Mit Michaela Schaffrath als zweiter Hauptdarstellerin bekommt Keim prominente Unterstützung zur Seite gestellt. Die Schauspielerin und Synchron- sprecherin mimt Nachbarin „Blanche“. Lange Überzeugungsarbeit brauchte es nicht, um die 48-Jährige mit an Bord zu holen. „Intendant Jan Bodinus und ich kennen uns schon lange, und wir wollten unbedingt wieder zusammenarbeiten. Das Stück hat dann auch zeitlich super gepasst, und ich freue mich total, wieder in Nordrhein-Westfalen, meiner Heimat, auf der Bühne zu stehen“, erzählt Schaffrath, die sich ebenfalls als Fan von Erhardt zu erkennen gibt: „Der Wortwitz von Erhardt ist genau mein Humor. Deshalb ist es auch gar nicht so einfach, bei dem Stück ernst zu bleiben. Stefan macht das großartig, und man nimmt ihm die Rolle komplett ab.“ Doch neben dem bekannten Erhardt-Humor soll es auch Momente geben, die zum Nachdenken anregen. In vielen Situationen kann man Parallelen zu Alltagssituationen ziehen, die wohl einem Großteil der Zuschauer schon untergekommen sein werden. An ihrer eigenen Figur mag die Schauspielerin vor allem den Wandel ihres zunächst zurückhaltenden Charakters und das Zusammenspiel mit ihrem Kollegen. Dass die beiden Darsteller eine gute Chemie entwickeln würden, deutete sich bereits beim Plakatfotoshooting an, wie Keim verrät: „Wir waren uns auf Anhieb sehr sympathisch. Das Plakatfoto ist entstanden, als wir eigentlich noch Probeaufnahmen gemacht haben. Am Ende waren die Bilder aber so gut, dass wir sie gleich genommen haben. Das gute Verhältnis zueinander zieht sich aber durch den gesamten Cast und die Crew.

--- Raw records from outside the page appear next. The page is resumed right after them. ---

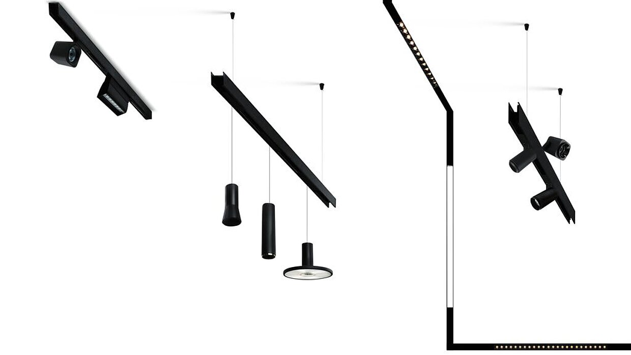 Clear lines emphasise the functional quality of this noiseless motorised retail lighting in an appealing manner.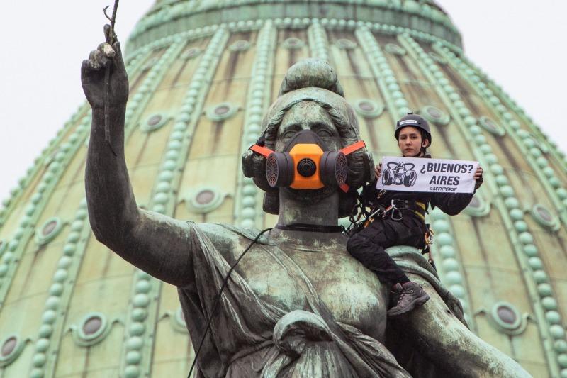 Ciudad de ¿Buenos? Aires, cuestionó la organización ambientalista tras denunciar que la contaminación del aire en el... 17/05/2018 POLíTICA Activistas de Greenpeace escalaron el monumento de los dos Congresos para ponerle una máscara de oxígeno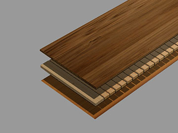 Der Kährs Furnierboden besteht aus drei Schichten; Deckschicht, Mittellage und Gegenzug. Die Mittellage besteht aus HDF. Die Gesamtdicke beträgt 7 mm. Diese Böden können nicht abgeschliffen werden. Sie sind schwimmend auf ebenen, festen Untergründen wie Beton, Spanplatten oder Holz verlegbar, können aber auch verklebt werden.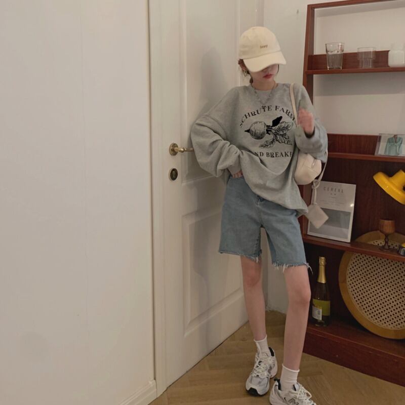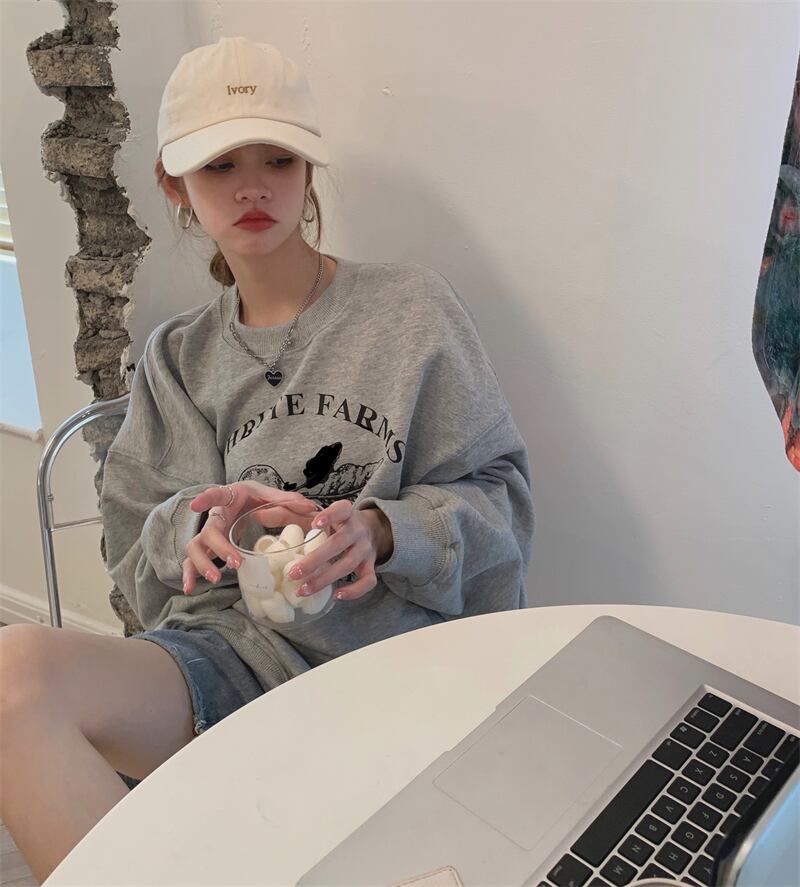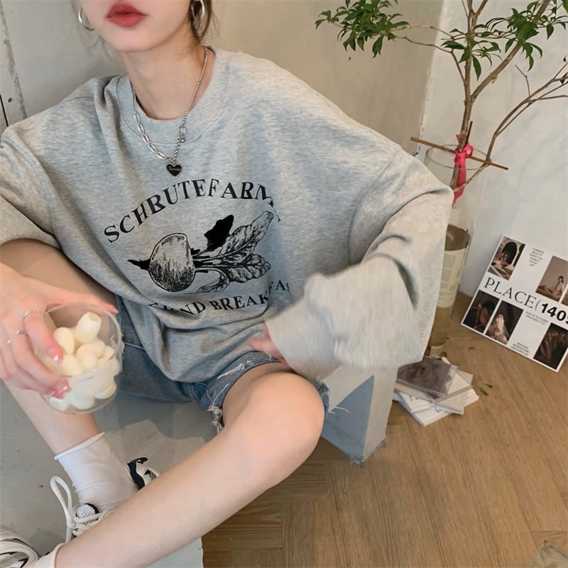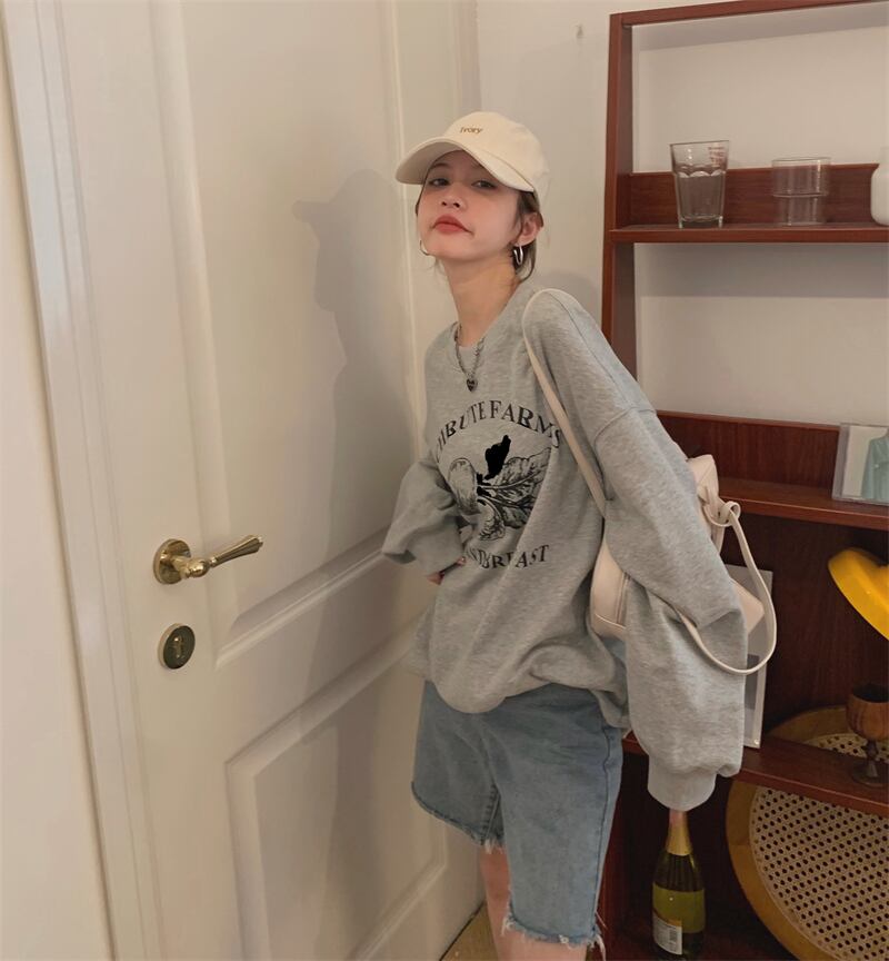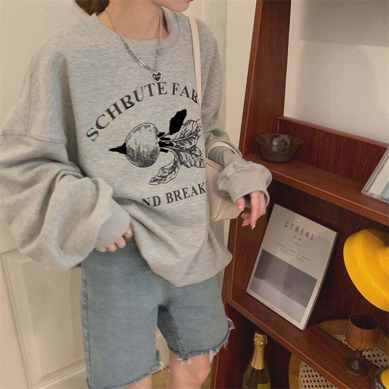 スタイルグレープリント柄ルーズセーター ジャケット スプリングオータム薄手トップス ロング 春物 秋物 モンロー40878175716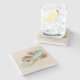 The coasters are gorgeous, a quality feel and heavy weight. They look like a precious archeological find. A rustic stone juxtaposed with a modern floral black and white print. I like the way the print goes slightly imperfect on the cut stone edges giving them a kind-of natural beauty.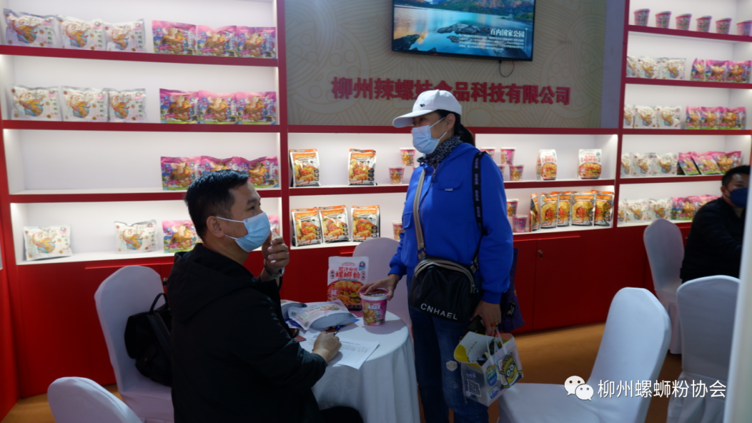 (客商在辣螺妹展位进行业务洽谈)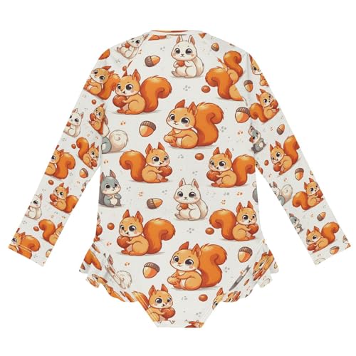 Cute Squirrel Eat Girls Long Sleeve Swimsuits One Piece Zipper Bathing Suit UPF 50+ Rashguard Swimwear

Die Arbeit macht Spaß, und wir als Darsteller müssen uns bei der Unterstützung in Form des fantasti- schen Bühnenbilds bedanken.“ Die aufwendige Kulisse ist in diesem Jahr so einnehmend, dass sie die romantische Szenerie des Schlosses beinahe vergessen lässt.
Beim Ticketkauf ist Eile geboten, denn von Konzept und Ensemble sind die Zuschauer offenbar schon vor der Erstaufführung am 26. Juni überzeugt. Die bisherigen Verkaufszahlen für die neue Tribüne auf dem idyllischen Schlossplatz toppen sogar den Rekord der vergangenen Festspielsaison. Heinz Erhardt, der in diesem Jahr 110 Jahre alt geworden wäre, scheint seine Anziehungskraft noch immer nicht verloren zu haben. „Ich hoffe, dass wir mit dem Stück und unserer Interpretation des Ganzen einige Erinnerungen an diesen genialen Künstler zurück in die Gedächtnisse der Leute rufen können“, schließt Stefan Keim lächelnd.